To create a dataset for Segger, use the create_data.py
script. The script takes several arguments to customize the dataset creation process.
python create_data.py --transcripts_path data_raw/pancreas/transcripts.csv.gz --nuclei_path data_raw/pancreas/nucleus_boundaries.csv.gz --output_dir data_tidy/pyg_datasets/pancreas --d_x 180 --d_y 180 --x_size 200 --y_size 200 --r 3 --val_prob 0.1 --test_prob 0.1 --k_nc 3 --dist_nc 10 --k_tx 5 --dist_tx 3 --compute_labels True --sampling_rate 1
This command will process the Pancreas dataset and save the processed data in the specified output directory.
To train the Segger model, use the train.py
script. The script takes several arguments to customize the training process.

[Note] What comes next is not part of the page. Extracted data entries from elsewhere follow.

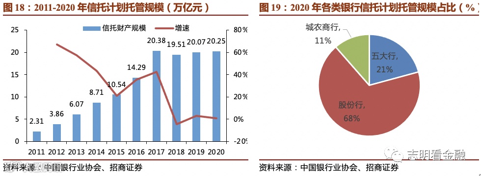 稳步发展阶段(2017-至今):2017年银监会出台了全面开展“监管套利、空转套利、关联套利”专项治理工作的通知,遏制各种通道业务发展。随着“去嵌套”、“降杠杆”、“强穿透”的逐步推进,通道业务退潮,资产托管业务进入到平稳增长阶段,2017-2019年托管规模增速降至个位数。2020年托管规模增速略有加快,同比增速达10%。我们认为,一是得益于2020年股市较好;二是资管新规的边际影响有所减弱。
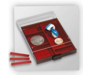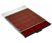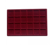 Планшет для 24 монет с квадратными ячейками 47x47 мм. Цвет красный, наружный формат 334x220 мм. Подходит к кейсам KO3, KO6 и папке MK 4 TAB LEER.
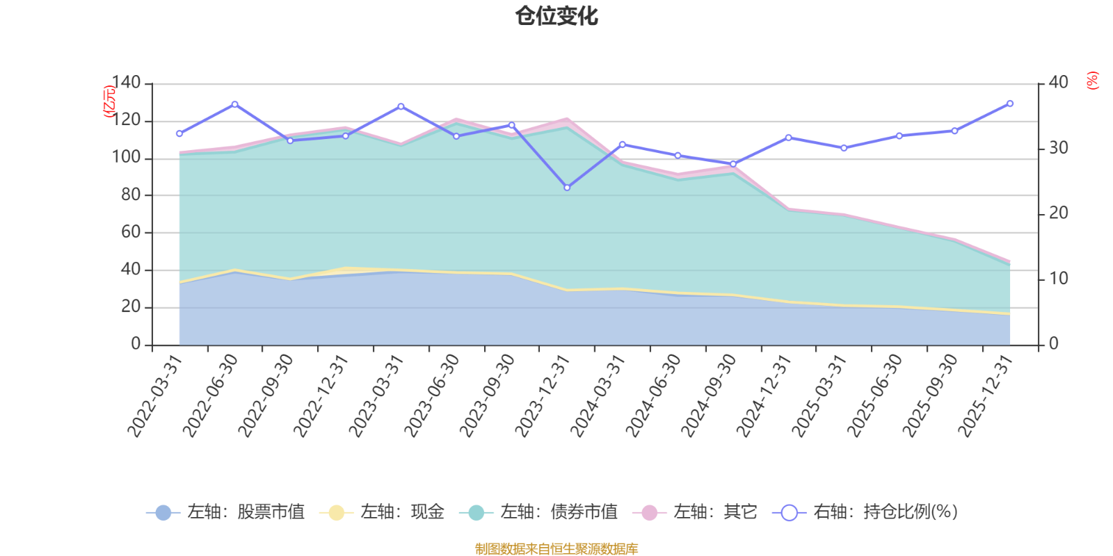 據(jù)定期報(bào)告數(shù)據(jù)統(tǒng)計(jì),近三年平均股票倉(cāng)位為31.41%,同類平均為19.2%。2025年末基金達(dá)到36.93%的最高倉(cāng)位,2023年末最低,為24.07%。
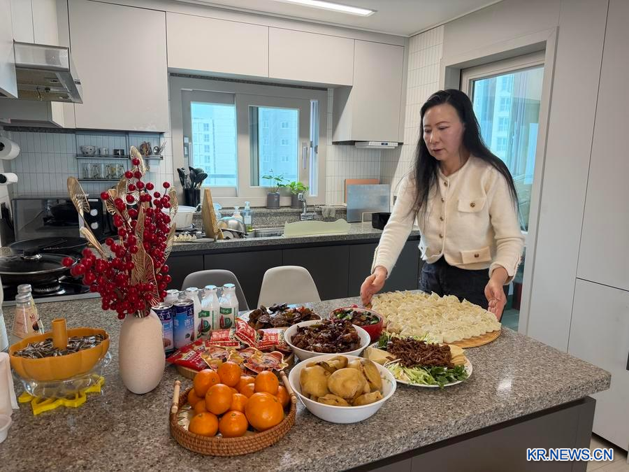 장광비의 어머니가 한국에서 녠예판(年夜飯·섣달 그믐날 함께 모여 먹는 가족 식사)을 준비하고 있다.
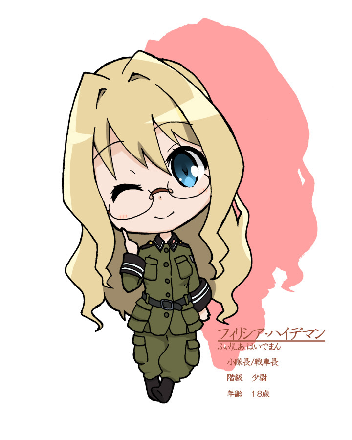 1girl blonde_hair blue_eyes chibi colored_shadow female_focus filicia_heideman glasses long_hair military military_uniform nogikomugi one_eye_closed shadow solo sonobashi_nogi sora_no_woto stats
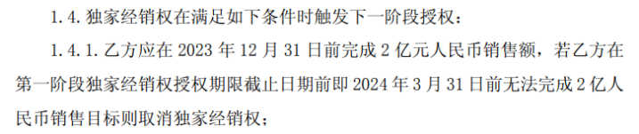 值得注意,麒盛科技与上海舒福德签订的《独家经销合同》显示,乙方(上海舒福德)应在2023年末前销售额达到2亿元,若乙方在2024年3月末前无法完成2亿元销售目标则取消独家经销权。
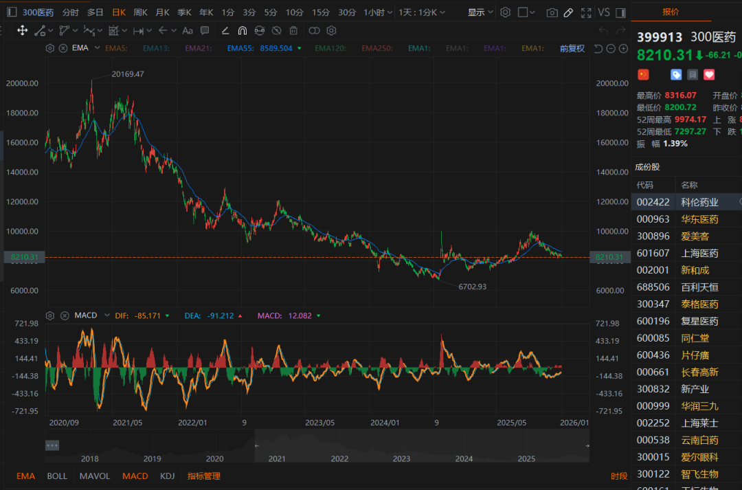 注意:我不是推荐医药,这只是纯技术指标探讨。去年我也BB过好多板块,后来呢?它们集体表演了“什么叫折戟沉沙”。
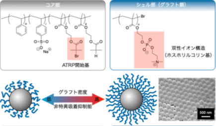 研究チームはこれまで、高分子微粒子合成法に原子移動ラジカル重合(Atom Transfer Radical Polymerization:ATRP)注3)という高分子合成の手法を組み合わせることにより、親水性の高分子鎖が導入されたラテックス粒子表面へのタンパク質の非特異吸着が抑制されることを報告していました参考文献1-4)。しかしながら、IVDの精度および信頼性の向上には、主に疎水性による、タンパク質の非特異吸着のさらなる抑制が求められていました。そのためには、タンパク質が吸着しにくい「非汚損性(アンチファウリング特性)」に優れたラテックス粒子の表面構造の設計が必要でした。
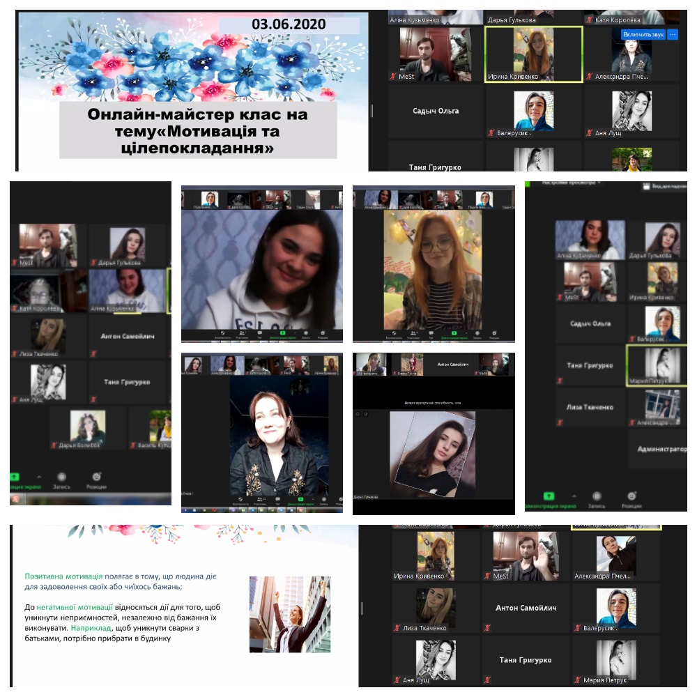 3 червня 2020 року для студентів 2-3 курсу спеціальності “Психологія” ДФН та ЗФН та 5 курсу спеціальності “Соціальна робота” був проведений майстер-клас онлайн на тему “Мотивація та цілепокладання”.

python train.py --train_dir data_tidy/pyg_datasets/pancreas/train_tiles/processed --val_dir data_tidy/pyg_datasets/pancreas/val_tiles/processed --test_dir data_tidy/pyg_datasets/pancreas/test_tiles/processed --epochs 100 --batch_size_train 4 --batch_size_val 4 --learning_rate 1e-3 --init_emb 8 --hidden_channels 64 --out_channels 16 --heads 4 --aggr sum --accelerator cuda --strategy auto --precision 16-mixed --devices 4 --default_root_dir ./models/pancreas
This command will train the Segger model on the processed Pancreas dataset and save the trained model in the specified output directory.
To make predictions using a trained Segger model, use the predict.py
script. The script takes several arguments to customize the prediction process.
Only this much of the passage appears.